# Overclocking the Zotac GTX 1060 AMP



## AbhMkh (Oct 26, 2017)

So I overclocked the 1060 AMP using Zotac's own Firestorm application and here is what I could achieve.

Core Clock : 2106 Mhz ( + 180 Mhz from the stock clocks of the card)

Memory Clock : 4350 Mhz ( +350 Mhz from the stock memory clock)

Voltage was not touched.

Anything above this and the Uniengine Valley was crashing, this max overclock I could achieve with stability.

Has anyone been able to squeeze more out of the card, if yes, how ?

Cheers !
AbhMkh


----------



## AbhMkh (Oct 28, 2017)

I am surprised, has no one ever tried to overclock this particular model ?


----------



## ssb1551 (Oct 28, 2017)

I have the AMP edition of 1060 6GB but never the felt the need to overclock. Guess FHD resolution doesn't need overclocking the card.


----------



## billubakra (Oct 30, 2017)

I have the Zotac GTX 1060 6gb mini, never felt the need of OC. Sorry for the noob question but what advantages are there when we OC a gpu?


----------



## AbhMkh (Oct 30, 2017)

billubakra said:


> I have the Zotac GTX 1060 6gb mini, never felt the need of OC. Sorry for the noob question but what advantages are there when we OC a gpu?



Put very simply, if a game is utilizing 100% of the GPU, OC'ing would help get you a few more FPS.

Overclocking helps you squeeze a bit more performance from the GPU which you wouldn't have gotten otherwise.


----------



## billubakra (Oct 30, 2017)

AbhMkh said:


> Put very simply, if a game is utilizing 100% of the GPU, OC'ing would help get you a few more FPS.
> 
> Overclocking helps you squeeze a bit more performance from the GPU which you wouldn't have gotten otherwise.
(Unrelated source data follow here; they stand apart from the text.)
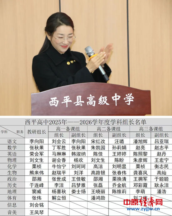 中原经济网驻马店讯(记者 杨晓 全媒体记者 冯占华 通讯员 肖丽娟 刘家明)11月24日下午,西平高中在图书馆三楼会议室隆重举行2025至2026学年度学科组长聘任仪式暨工作培训会。校领导班子,各年级主任,各学科新聘教研组长、备课组长及副组长齐聚一堂,共同见证这一重要时刻。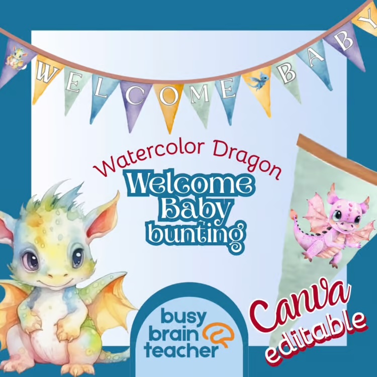 Add a touch of magic to your celebration with this Welcome Baby Watercolor Dragon Bunting. Featuring soft, whimsical watercolor dragons, this charming banner is the perfect decoration for baby showers, nurseries, or welcome-home celebrations. Designed to be both beautiful and easy to use, it adds a gentle fantasy feel without overwhelming your space.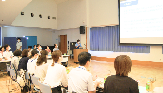 交流会の前半では、当院の概要や回復期リハビリテーション病棟の特徴などについてご紹介しました。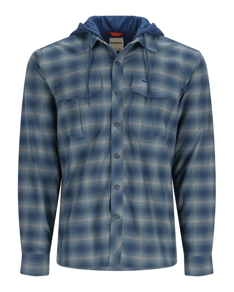 Simms Coldweather Hoody Neptune MC Plaid er en flannelhættejakke foret med waffle fleece, perfekt til kolde fiskedage.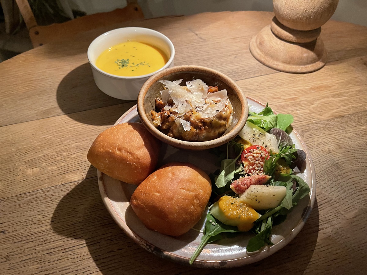 取材時にいただいたのは、洋食メニューの「茄子のラザニア」1500円。天然酵母パンや季節のフルーツを添えたフレッシュなサラダ、ニンジンのポタージュが添えられ、ボリューム満点。もちろん、サラダのドレッシングも自家製です。

Thanks. I am never really bothered by these fps as long as the game is running fine without any lags. To each its own I guess.


----------



## Zangetsu (Nov 2, 2017)

billubakra said:


> I have the Zotac GTX 1060 6gb mini, never felt the need of OC. Sorry for the noob question but what advantages are there when we OC a gpu?


OC is passionate thing done by overclockers and hardcore gamers to benchmark the system and also to achieve good FPS and graphics.
But one has to be very very careful while doing this and its not for Novice users


----------



## Hrishi (Nov 3, 2017)

AbhMkh said:


> So I overclocked the 1060 AMP using Zotac's own Firestorm application and here is what I could achieve.
> 
> Core Clock : 2106 Mhz ( + 180 Mhz from the stock clocks of the card)
> 
> ...


1060 won't go beyond 2200Mhz. I have a 1060 6gb as well.
Best case scenario, an avg of 15% perf increase can be squeezed out of the card for most manufacturers. 
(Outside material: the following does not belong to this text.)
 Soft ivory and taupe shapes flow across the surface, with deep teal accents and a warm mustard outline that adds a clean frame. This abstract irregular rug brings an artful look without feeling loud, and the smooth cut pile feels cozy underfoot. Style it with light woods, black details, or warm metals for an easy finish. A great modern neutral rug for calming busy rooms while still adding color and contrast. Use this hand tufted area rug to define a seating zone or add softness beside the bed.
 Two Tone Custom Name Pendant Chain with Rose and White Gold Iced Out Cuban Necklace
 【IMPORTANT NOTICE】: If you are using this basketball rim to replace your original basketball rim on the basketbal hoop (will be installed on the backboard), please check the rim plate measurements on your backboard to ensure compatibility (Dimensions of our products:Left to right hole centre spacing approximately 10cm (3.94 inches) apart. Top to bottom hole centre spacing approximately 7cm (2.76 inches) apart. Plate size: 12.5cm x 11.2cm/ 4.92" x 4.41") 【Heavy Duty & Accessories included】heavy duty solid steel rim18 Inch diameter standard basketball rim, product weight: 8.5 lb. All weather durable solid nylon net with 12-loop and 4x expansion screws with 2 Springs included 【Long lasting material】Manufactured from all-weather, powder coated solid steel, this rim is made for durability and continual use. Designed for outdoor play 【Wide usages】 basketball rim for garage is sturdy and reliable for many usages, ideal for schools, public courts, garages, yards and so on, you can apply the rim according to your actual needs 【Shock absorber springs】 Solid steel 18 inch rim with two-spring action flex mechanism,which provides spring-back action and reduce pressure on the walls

Sent from my ONE E1003 using Tapatalk


----------



## vito scalleta (Nov 4, 2017)

AbhMkh said:


> So I overclocked the 1060 AMP using Zotac's own Firestorm application and here is what I could achieve.
> 
> Core Clock : 2106 Mhz ( + 180 Mhz from the stock clocks of the card)
> 
> ...


Why didnt you try to change the voltage ? what are temps while running valley ?


----------



## AbhMkh (Nov 6, 2017)

vito scalleta said:


> Why didnt you try to change the voltage ? what are temps while running valley ?
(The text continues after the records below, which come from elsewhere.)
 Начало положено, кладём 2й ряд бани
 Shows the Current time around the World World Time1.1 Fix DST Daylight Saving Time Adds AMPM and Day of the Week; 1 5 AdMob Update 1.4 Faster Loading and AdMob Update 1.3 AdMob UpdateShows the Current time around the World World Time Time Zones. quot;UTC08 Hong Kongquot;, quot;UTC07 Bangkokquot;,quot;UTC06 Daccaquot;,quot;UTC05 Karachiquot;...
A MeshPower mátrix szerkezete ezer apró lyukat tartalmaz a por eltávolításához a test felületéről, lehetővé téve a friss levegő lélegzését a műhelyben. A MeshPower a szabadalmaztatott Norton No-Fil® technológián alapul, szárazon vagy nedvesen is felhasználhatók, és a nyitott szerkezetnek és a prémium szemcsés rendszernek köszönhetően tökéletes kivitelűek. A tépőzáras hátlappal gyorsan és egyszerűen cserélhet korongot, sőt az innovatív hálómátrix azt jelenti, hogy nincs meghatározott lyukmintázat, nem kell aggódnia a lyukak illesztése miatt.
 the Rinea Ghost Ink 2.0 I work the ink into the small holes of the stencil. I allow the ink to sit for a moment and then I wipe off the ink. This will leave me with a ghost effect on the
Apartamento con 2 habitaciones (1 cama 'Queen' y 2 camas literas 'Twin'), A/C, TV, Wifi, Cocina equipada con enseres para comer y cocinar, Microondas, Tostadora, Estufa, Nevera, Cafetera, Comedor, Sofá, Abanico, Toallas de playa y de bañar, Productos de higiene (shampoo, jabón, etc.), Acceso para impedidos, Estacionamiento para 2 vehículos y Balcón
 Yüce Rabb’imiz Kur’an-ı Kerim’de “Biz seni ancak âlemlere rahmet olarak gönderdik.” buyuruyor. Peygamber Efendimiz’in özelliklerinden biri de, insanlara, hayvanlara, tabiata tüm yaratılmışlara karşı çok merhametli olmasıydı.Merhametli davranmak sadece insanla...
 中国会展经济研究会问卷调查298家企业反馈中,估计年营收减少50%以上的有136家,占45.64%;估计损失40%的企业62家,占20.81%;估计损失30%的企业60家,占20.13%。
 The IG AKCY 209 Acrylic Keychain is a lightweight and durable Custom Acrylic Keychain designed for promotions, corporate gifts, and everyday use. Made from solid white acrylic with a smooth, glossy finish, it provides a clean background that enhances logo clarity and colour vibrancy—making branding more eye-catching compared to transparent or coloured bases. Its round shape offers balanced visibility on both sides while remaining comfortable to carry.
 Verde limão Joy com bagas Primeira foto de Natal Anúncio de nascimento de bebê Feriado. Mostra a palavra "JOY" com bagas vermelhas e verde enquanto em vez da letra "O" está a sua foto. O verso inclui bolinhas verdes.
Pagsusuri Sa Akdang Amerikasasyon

Voltage was not touched, whatever stock voltage is supplied to the card. Fans running at 100 %, temperature never goes above 70 Degrees.


----------



## AbhMkh (Nov 6, 2017)

Hrishi said:


> 1060 won't go beyond 2200Mhz. I have a 1060 6gb as well.
> Best case scenario, an avg of 15% perf increase can be squeezed out of the card for most manufacturers.
> 
> Sent from my ONE E1003 using Tapatalk



Which 1060 do you have, I have heard Asus and EVGA 1060's have more overclocking potential than the Zotac card


----------



## Hrishi (Nov 9, 2017)

AbhMkh said:


> Which 1060 do you have, I have heard Asus and EVGA 1060's have more overclocking potential than the Zotac card


Mine's Gainward Dual. Yes, they do have more potential, but I read somewhere that there's a practical limitation on the maximum possible clock itself unless you mod the drivers, etc. I'm saying this because I have seen scores of posts about 1060 OC and none of them go beyond 2.2GHz on core clock without crashing. 
There were a few odd ones where they clocked almost 3.0GHz but I think that was a modified vBIOS or drivers, possibly....and obviously nitro cooling. 


Sent from my ONE E1003 using Tapatalk


----------